The show was reviewed as having Rishi's "signature blend of commentary on politics and current affairs (in Singapore)", albeit with a light and comedic touch. He discussed current racial microaggressions against Singaporean minorities while providing a platform for opening acts to showcase their comic skills and express their perspectives on being from minority groups in Singapore.

==== President Star Charity (2023) ====
In October 2023, Rishi co-hosted Mediacorp's annual flagship event, the President's Star Charity (PSC), alongside Singaporean journalist and broadcaster, Diana Ser. The fundraiser, with the theme 'Respect for all,' garnered over S$11 million in donations and featured local and international artiste performances. Newly-elected President Tharman Shanmugaratnam and his wife, Jane Ittogi, served as guests of honour for the event.

== Personal life ==
Rishi has a close relationship with his father, Parkash "Jimmy" Budhrani, who was also the subject of inspiration for his 2022 comedy special, "Can I Make You A Suit, Mate?". The mention of suits is based on his father's real-life work as a tailor boutique owner in Singapore. Rishi routinely appears in comedy shows and hosting gigs wearing tailored suits from his father's boutique.

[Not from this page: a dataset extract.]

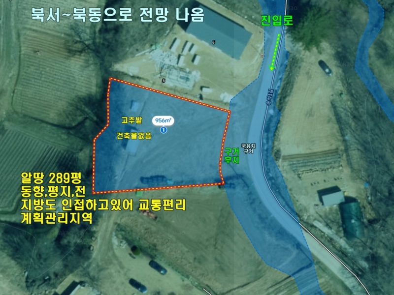 간략설명 | 남향 및 동향 건축가능하며,전망은 북서~북동으로 나옴 계획관리지역, 평탄지에가까운 완경사지,밭으로 사용중, 일부 고추밭 도로접한부분 구거부지여서 서비스 야외주차공간있음,4m 포장도로, 구거 국유지, 현황도로 지방도 100m, 버스정류장 296m,동양평 톨게이트 2.5km, 양동면 생활권 4.1km 양동역 경의중앙선 4.2km |
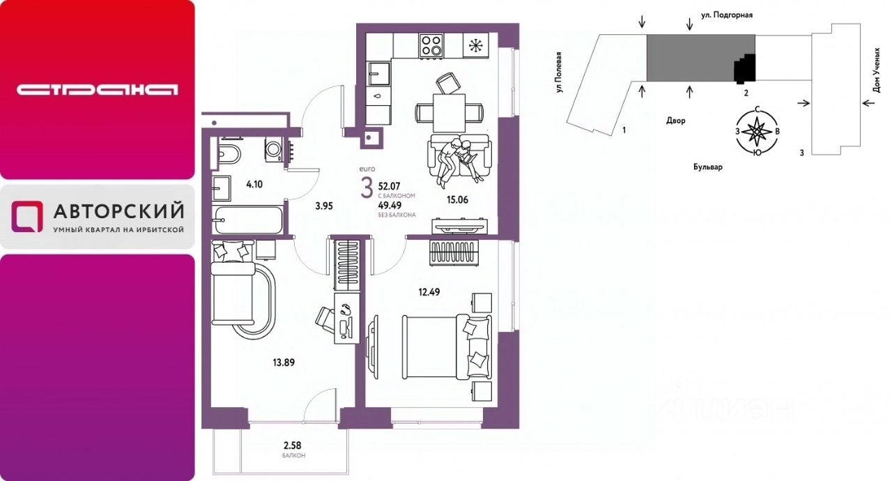 Продается 3комнатная квартира на 9 этаже от застройщика Страна Девелопмент. Площадь квартиры 52,07 кв. м.

Rishi is married to Sharul Channa, a prominent female stand up comedian in Singapore, in 2015. The pair met in 2007 as students when they were members of Tez Dhaar (Razor's Edge), a dance group in Singapore that performed at Indian weddings and events. They started dating shortly after and got married eight years later. Their marriage inspired the first edition of The Rishi and Sharul Show in Singapore that sold out in 2015. In 2019, the pair collaborated on a CNA show ‘Rishi & Sharul Try’ where they experimented with different subcultures. In 2020, five years after the first show, they presented a second edition of The Rishi and Sharul Show.

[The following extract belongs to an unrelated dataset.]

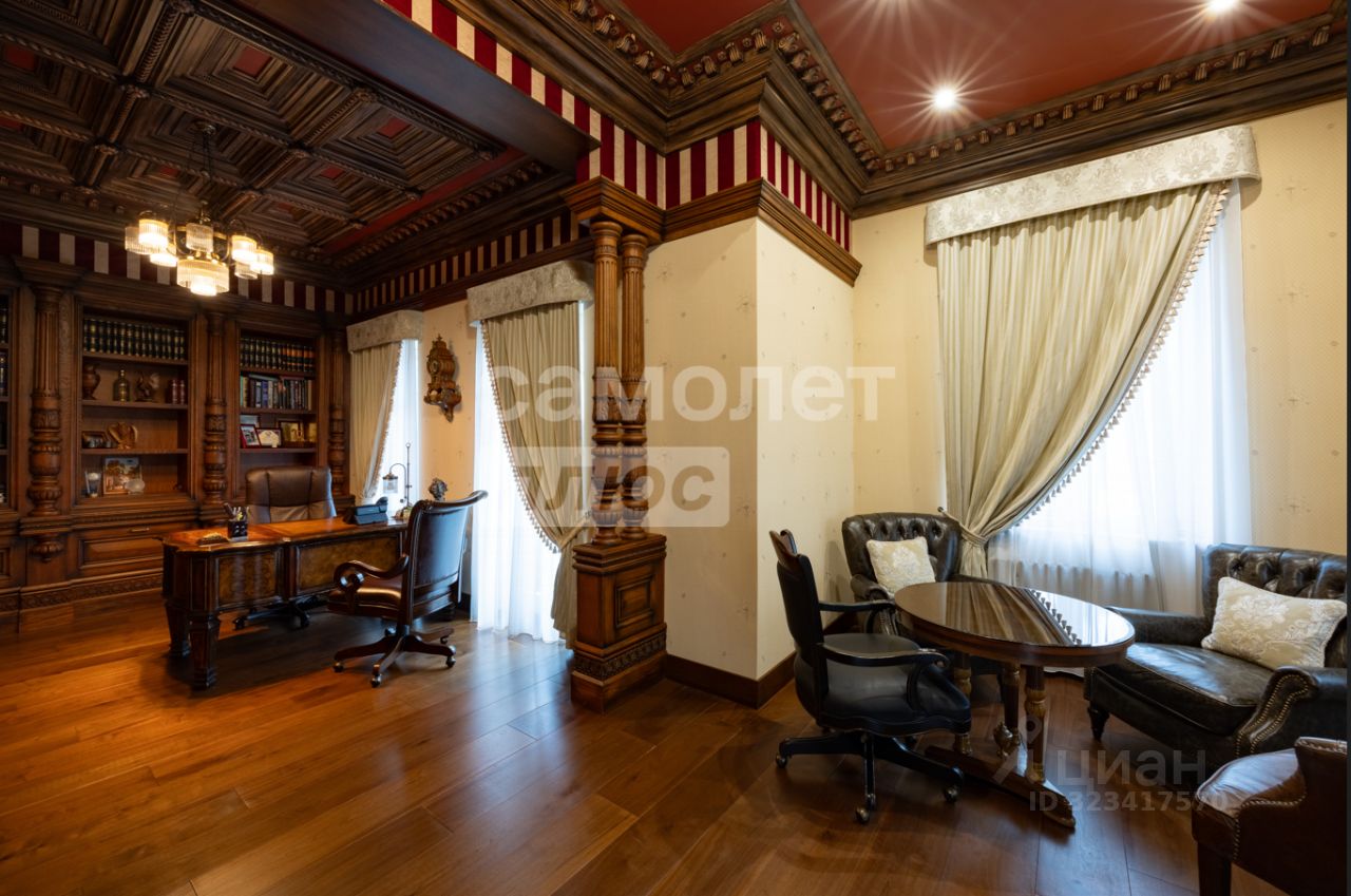 На первом этаже: холл, кухня-столовая, с/у, постирочная. На втором этаже: холл, переговорная, 2 кабинета, с/у. На третьем этаже: 3 комнаты, с/у. На 4 этаже: уютная гостиная с камином, 2 мастер спальни. Планировкой предусмотрено несколько рабочих кабинетов, где можно организовать рабочую зону и пространство под библиотеку.

=== Health and fitness ===
During the COVID-19 pandemic, Rishi indulged in unhealthy food and alcohol as means to cope with the loss of a close friend. Adding work burnout to the mix, he eventually weighed his heaviest at over 90 kilograms in 2021. Seeing how his declining health negatively affected his everyday life, Rishi underwent a physical and mental transformation by dedicating himself to a rigorous fitness regimen with a renewed focus on health.

=== Philanthropy ===
Since 2017, Rishi has hosted events launched by Singapore-based advocacy organizations such as the Association of Women for Action and Research (AWARE). Besides hosting, he also contributed comedy sets for various charities and fundraising events including the Comedians' Star Charity and the Wild Rice Ball.

== Brand endorsements ==
With his growing presence in the local entertainment scene in Singapore, Rishi has been part of several brand campaigns, where he contributed acting, modelling, moderating and comedy acts. Several campaigns reflected his personal advocacy of health, animal welfare, and elevating youth voices in Singapore.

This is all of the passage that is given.